Tal circunstância também se mostra verdadeira em uma nova fonte de necessidades de
regulação legal: a privatização do que até então havia sido desempenhado pelo estado. Algo que
foi causado, em parte, pelo direito comunitário europeu, em parte, pelo avanço das idéias
neoliberais e, em parte, pelas necessidades financeiras dos Estados. As privatizações foram
justificadas graças ao suposto crescimento da eficiência administrativa, à diminuição dos preços e
a um incremento da disponibilização de serviços para os cidadãos em conseqüência da
concorrência. Elas têm também um outro lado. Enquanto o Estado, ao prestar serviços públicos,
encontra-se imediatamente submetido às imposições jurídicas materializadas na carta magna e
sobretudo nos direitos fundamentais e sociais, os agentes privado não se submetem da mesma
forma a tais dispositivos. Os direitos fundamentais lhes garantem, aliás, a livre disposição sobre
seus recursos. Igualmente, porém, devem ser garantidos padrões fundamentais de tratamento
igual, inclusão social e atenção aos interesses legítimos de terceiros. Algo que só pode ser feito
por lei. De fato, em lugar de diminuí-los, até hoje as privatizações aumentaram os imperativos
para a regulação.
A contradição entre o incremento legislativo e a perda de significado das leis se resolve se
nós fazemos uma diferenciação entre quantidade e efetividade. Assim, sabemos que, enquanto o
número de leis cresce, seu poder de regulação diminui4. Essa “fraqueza” disseminada não
significa, no entanto, que as leis simplesmente percam sua vigência, tampouco que tal
circunstância seja algo isento de problemas. [496] Déficits de implementação podem surgir
apenas onde as normas possuem um satisfatória vigência regulativa (regulative Kraft), mas lhes
faltam vontade ou meios para que possam se afirmar frente a destinatários refratários. A fraqueza
na implementação tem, portanto, suas causas fora da norma. Por outro lado, a perda desse poder
de regulação dos comportamentos, que independe do ramo jurídico de aplicação, relaciona-se
também com uma característica interna à própria norma. Isso se torna especialmente evidente no
direito administrativo – mas não somente – já que aí se deve controlar o comportamento de atores
privados assim como da administração estatal. As causas são freqüentemente buscadas em um
fracasso do legislador, mas, na realidade, elas se encontram num plano mais profundo.

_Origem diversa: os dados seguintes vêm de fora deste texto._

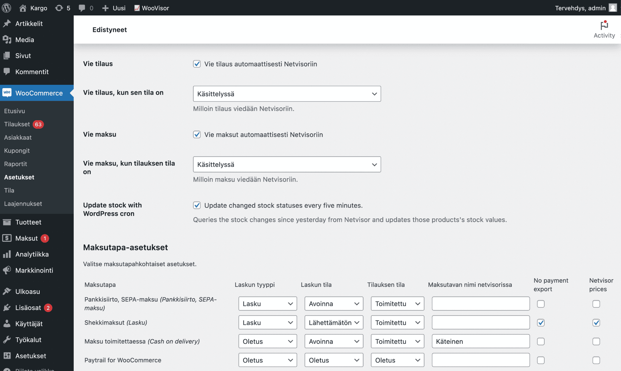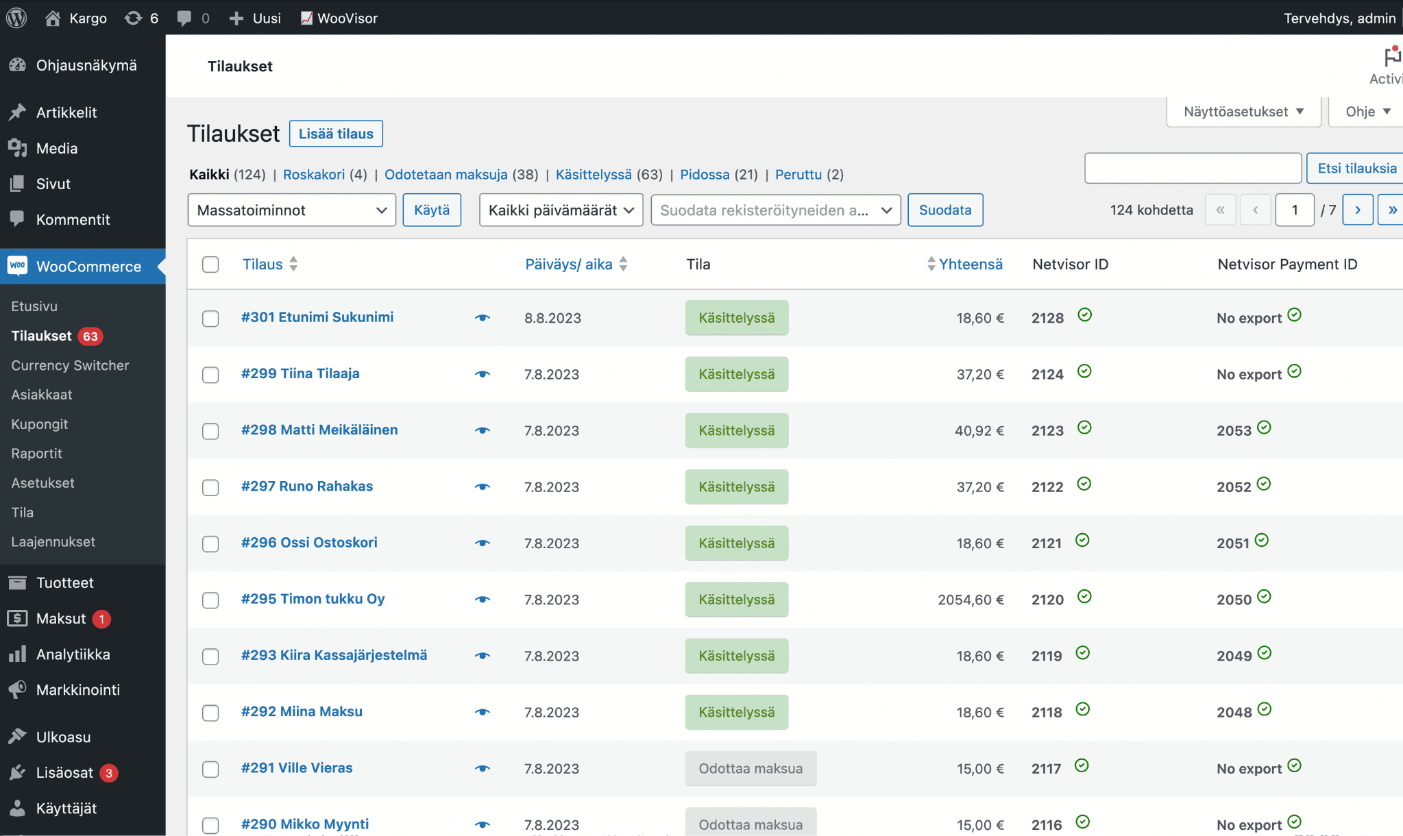 WooVisor vie tilaukset, maksut, tuotteet ja asiakkaat verkkokaupastasi Netvisoriin, varastosaldot puolestaan Netvisorista kauppaan.

Há algum tempo já é perceptível que, nesse ramo do direito, surge um novo tipo de
regulação que se afasta consideravelmente da forma clássica. Essa última é descrita,
tradicionalmente, como um programa condicional que segue o esquema “se, então”. A ação
4 Cf. GRIMM, Dieter. Wachsende Staataufgaben – sinkende Steurungsfähigkeit. Baden-Baden, 1990.

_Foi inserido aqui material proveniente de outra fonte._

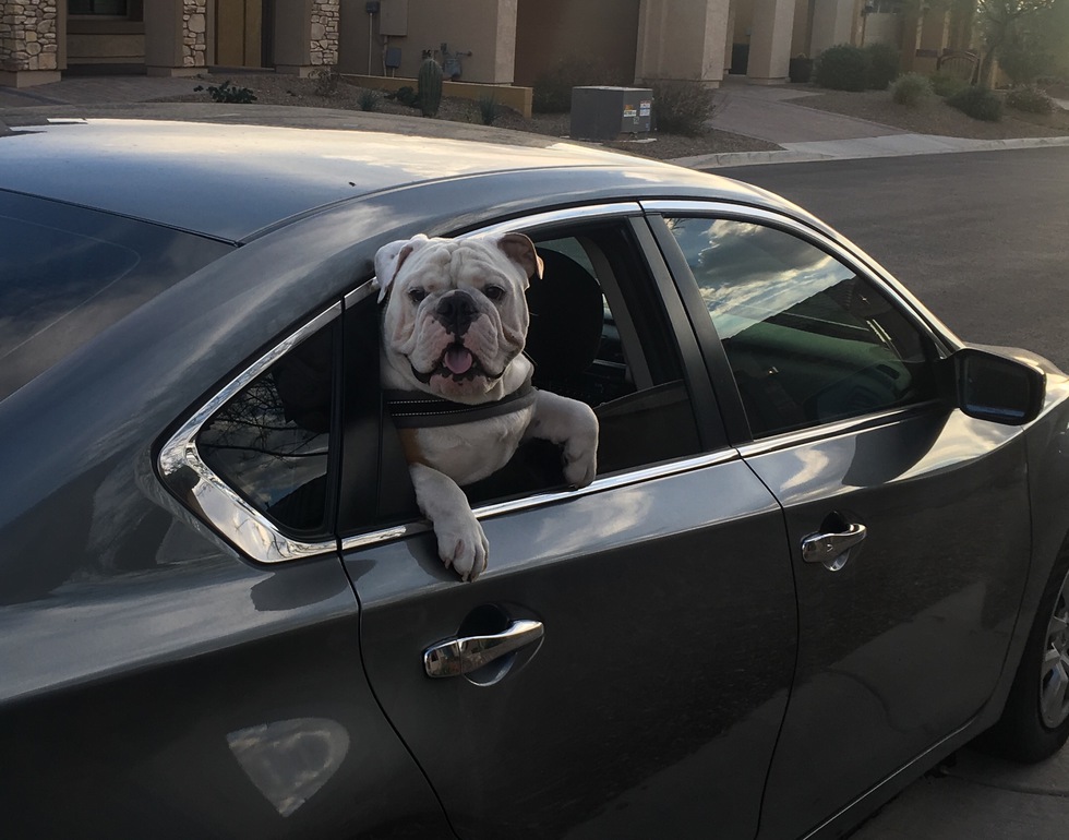 My name is Smalls and i'm a huge supporter of SoCal Bulldog Rescue. This is me traveling around doing my philanthropy work at local high schools and senior living facilities.

estatal contra os indivíduos é determinada integralmente por um pressuposto e pela previsão de
sua conseqüência de modo que a administração só pode executar um programa abstrato com
respeito a uma circunstância concreta legalmente tipificada. É comum a qualquer regulação
jurídica que possam surgir dúvidas, tornando necessárias, até mesmo, fórmulas em branco, as
quais permitiriam à administração uma reação adequada em casos difíceis ou de exceção não
contidos nas formulações abstratas da lei. Entretanto, no núcleo dessa definição, o
comportamento da administração está determinado antecipadamente, o que implica, ao mesmo
tempo, vantagens de previsibilidade e controle da ação estatal.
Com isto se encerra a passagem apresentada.